• What to do
Retype the material that follows exactly, limited to the lines from the one with "本日は車検でお預かりしたお車のサビ止め塗装を実施いたしました!" through the one with "Mooi X Dinda", and keep out all pictures.

• Data records
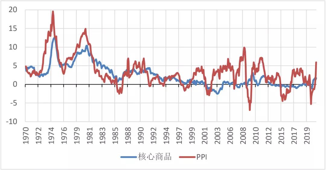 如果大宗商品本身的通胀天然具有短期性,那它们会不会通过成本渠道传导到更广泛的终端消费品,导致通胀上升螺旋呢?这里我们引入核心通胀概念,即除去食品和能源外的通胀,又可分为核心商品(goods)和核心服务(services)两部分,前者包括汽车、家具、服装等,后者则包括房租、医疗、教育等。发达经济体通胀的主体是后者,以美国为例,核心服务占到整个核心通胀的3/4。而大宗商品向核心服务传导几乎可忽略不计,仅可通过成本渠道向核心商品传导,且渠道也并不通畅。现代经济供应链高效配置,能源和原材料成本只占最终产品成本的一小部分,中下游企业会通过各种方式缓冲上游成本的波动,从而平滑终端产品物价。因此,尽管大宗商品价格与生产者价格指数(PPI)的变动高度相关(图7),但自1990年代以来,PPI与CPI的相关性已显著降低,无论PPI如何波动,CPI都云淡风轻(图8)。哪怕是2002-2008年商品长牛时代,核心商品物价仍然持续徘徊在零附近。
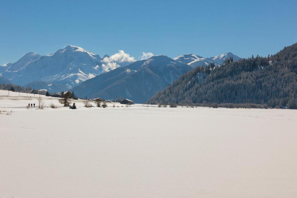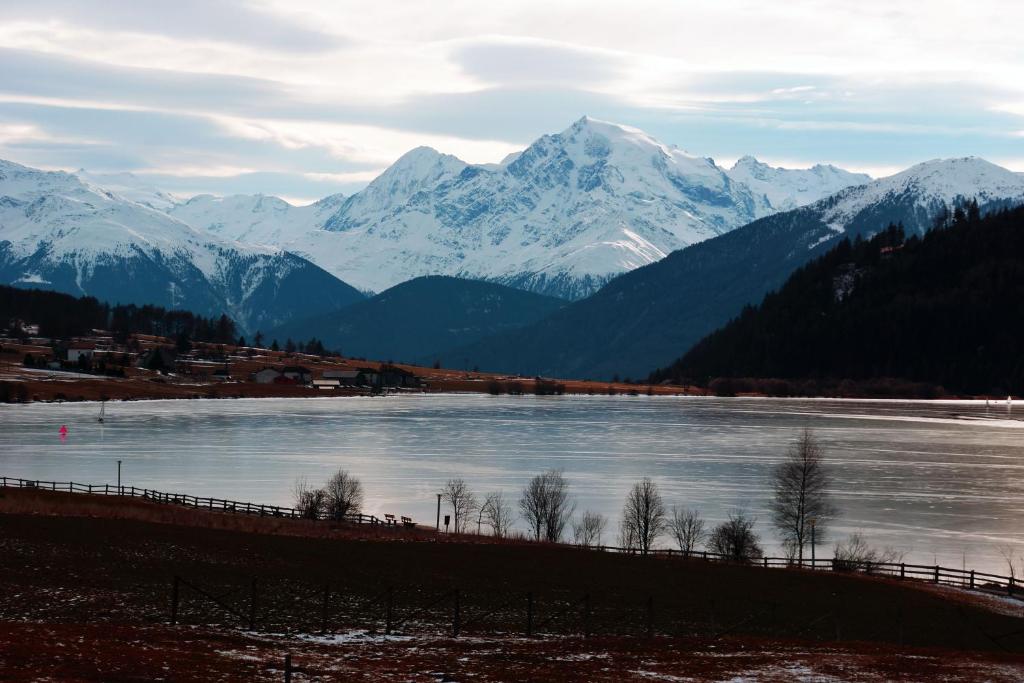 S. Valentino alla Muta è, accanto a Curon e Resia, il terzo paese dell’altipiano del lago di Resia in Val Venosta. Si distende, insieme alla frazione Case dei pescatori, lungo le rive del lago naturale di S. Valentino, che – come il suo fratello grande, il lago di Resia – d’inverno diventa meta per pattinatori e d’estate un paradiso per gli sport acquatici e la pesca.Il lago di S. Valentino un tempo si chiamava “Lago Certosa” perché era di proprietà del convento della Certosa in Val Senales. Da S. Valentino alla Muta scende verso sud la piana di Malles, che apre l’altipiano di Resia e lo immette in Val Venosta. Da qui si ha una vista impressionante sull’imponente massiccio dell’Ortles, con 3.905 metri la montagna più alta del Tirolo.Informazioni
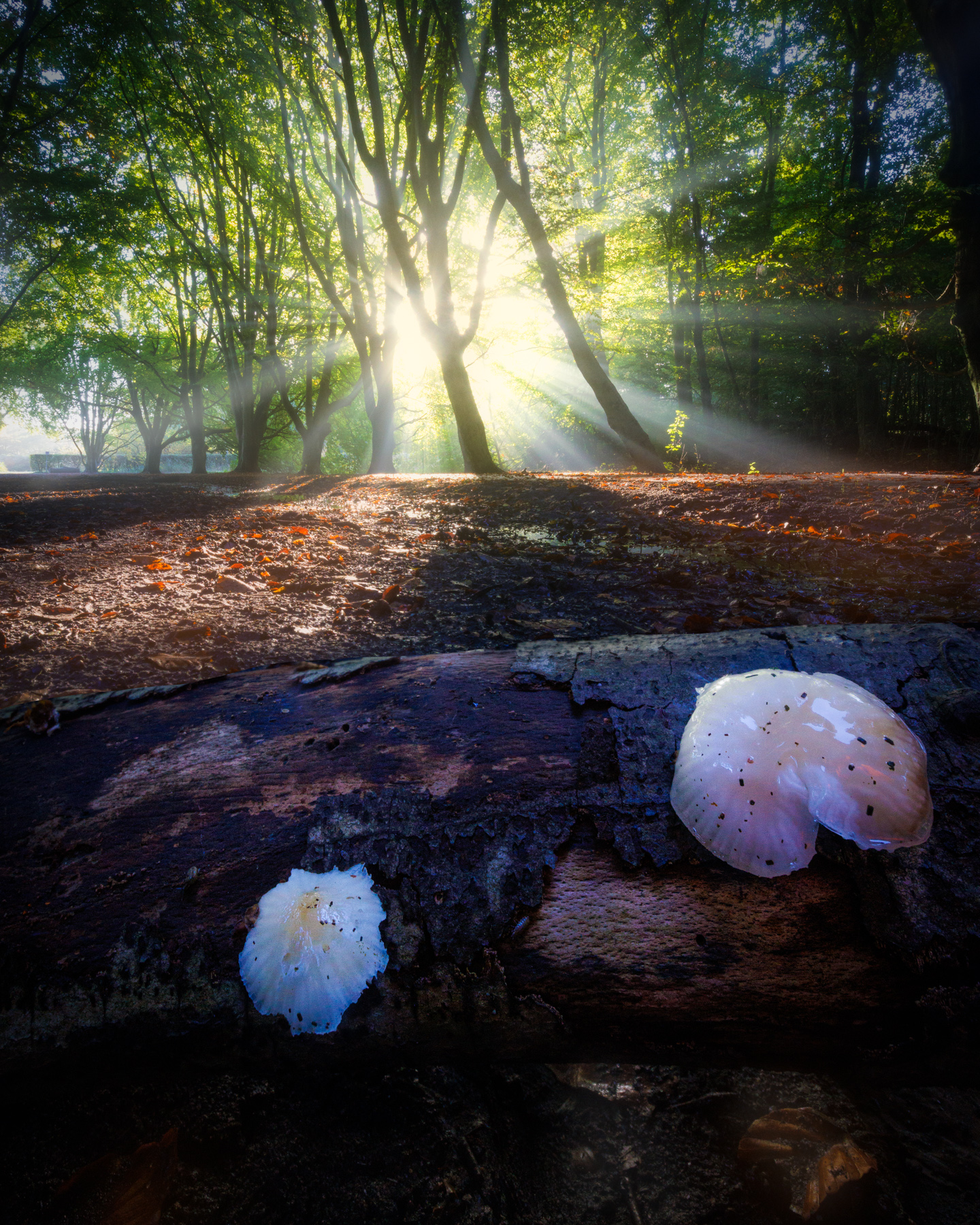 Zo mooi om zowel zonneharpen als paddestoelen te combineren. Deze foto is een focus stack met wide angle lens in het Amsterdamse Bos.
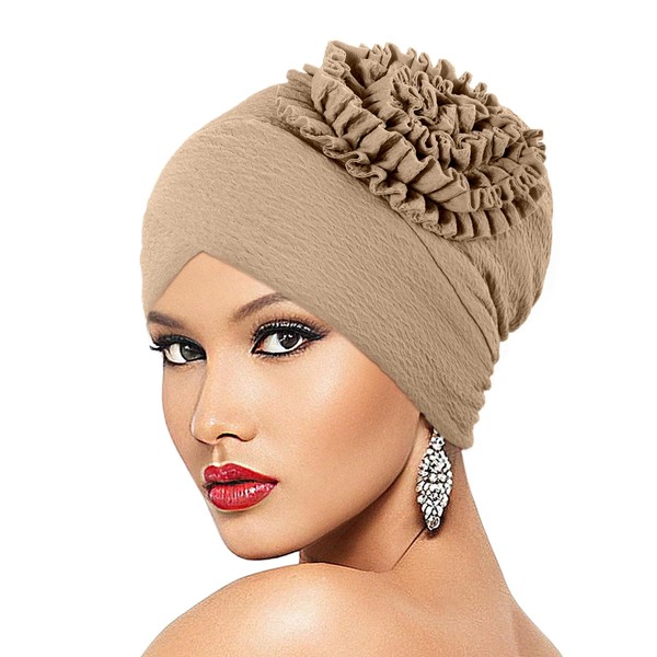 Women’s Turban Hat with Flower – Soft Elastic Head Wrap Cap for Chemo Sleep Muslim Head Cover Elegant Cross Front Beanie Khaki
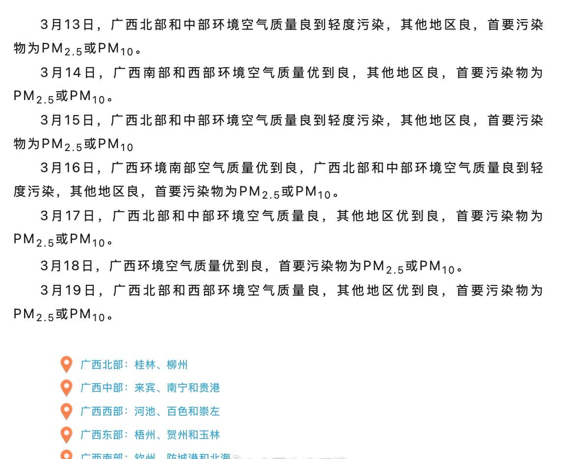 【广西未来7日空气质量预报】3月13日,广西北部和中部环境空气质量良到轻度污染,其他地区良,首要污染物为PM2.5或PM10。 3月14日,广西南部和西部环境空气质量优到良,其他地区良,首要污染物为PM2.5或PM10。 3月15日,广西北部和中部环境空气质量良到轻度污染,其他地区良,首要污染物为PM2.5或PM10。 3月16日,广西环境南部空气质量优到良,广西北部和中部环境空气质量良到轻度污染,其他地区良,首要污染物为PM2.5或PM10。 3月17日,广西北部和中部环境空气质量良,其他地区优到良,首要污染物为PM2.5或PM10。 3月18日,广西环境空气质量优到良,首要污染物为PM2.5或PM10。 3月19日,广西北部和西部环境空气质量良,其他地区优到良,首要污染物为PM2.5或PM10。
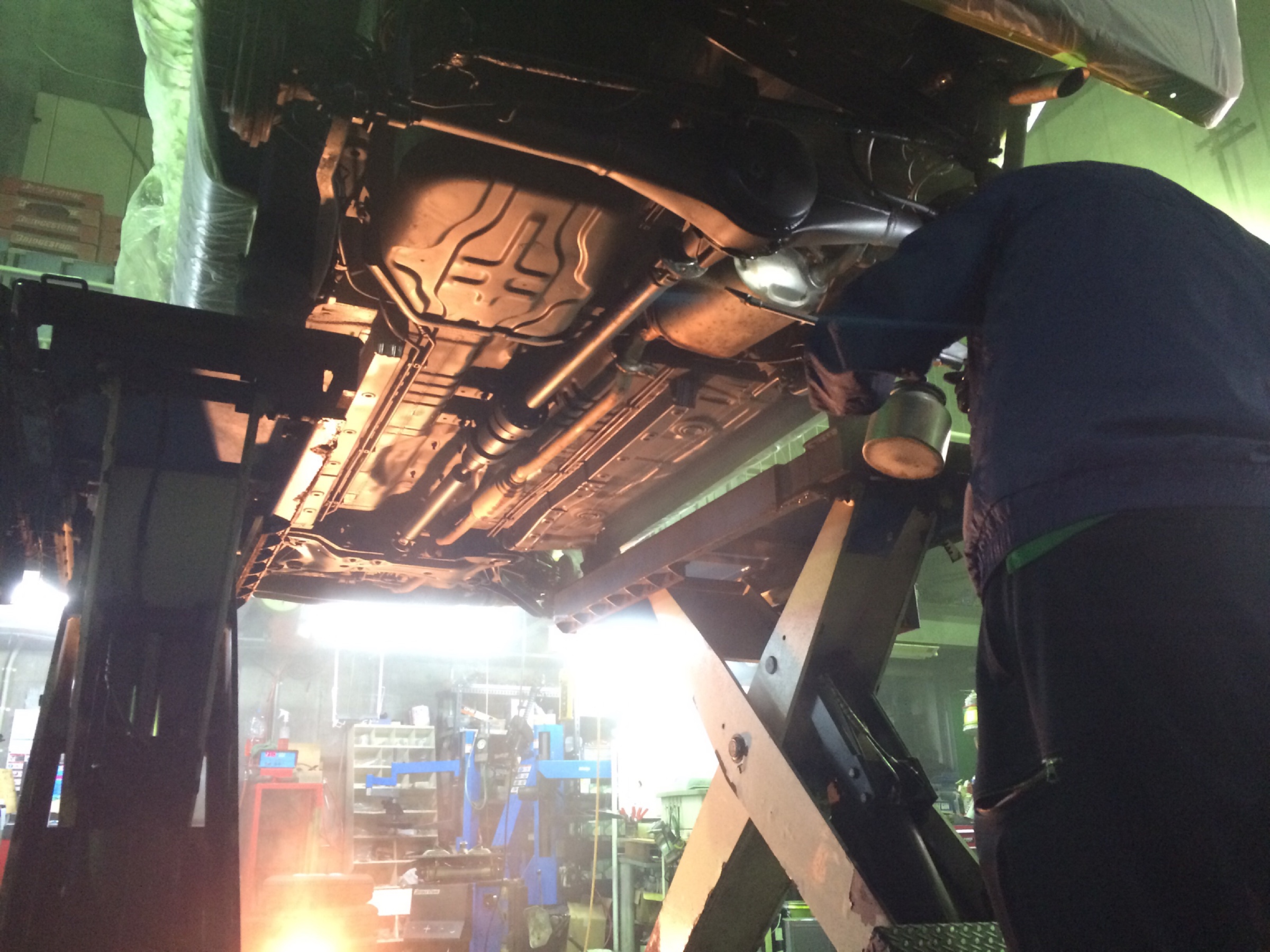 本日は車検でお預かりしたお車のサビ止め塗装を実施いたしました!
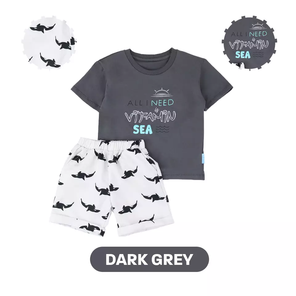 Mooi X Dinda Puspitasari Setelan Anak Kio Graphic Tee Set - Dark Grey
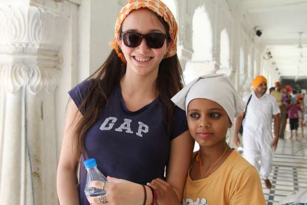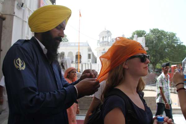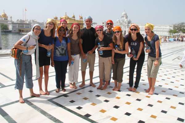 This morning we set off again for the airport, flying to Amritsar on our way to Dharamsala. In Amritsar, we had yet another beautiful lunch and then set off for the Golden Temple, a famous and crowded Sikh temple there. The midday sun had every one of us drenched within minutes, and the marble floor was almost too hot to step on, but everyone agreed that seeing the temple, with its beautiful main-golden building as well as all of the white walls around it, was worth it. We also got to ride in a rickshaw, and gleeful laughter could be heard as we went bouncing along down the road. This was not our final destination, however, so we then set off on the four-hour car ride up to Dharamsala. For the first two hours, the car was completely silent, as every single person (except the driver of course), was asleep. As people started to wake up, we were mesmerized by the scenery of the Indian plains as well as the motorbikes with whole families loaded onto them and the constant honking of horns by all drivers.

• Solution to this problem
 本日は車検でお預かりしたお車のサビ止め塗装を実施いたしました!
 Mooi X Dinda Puspitasari Setelan Anak Kio Graphic Tee Set - Dark Grey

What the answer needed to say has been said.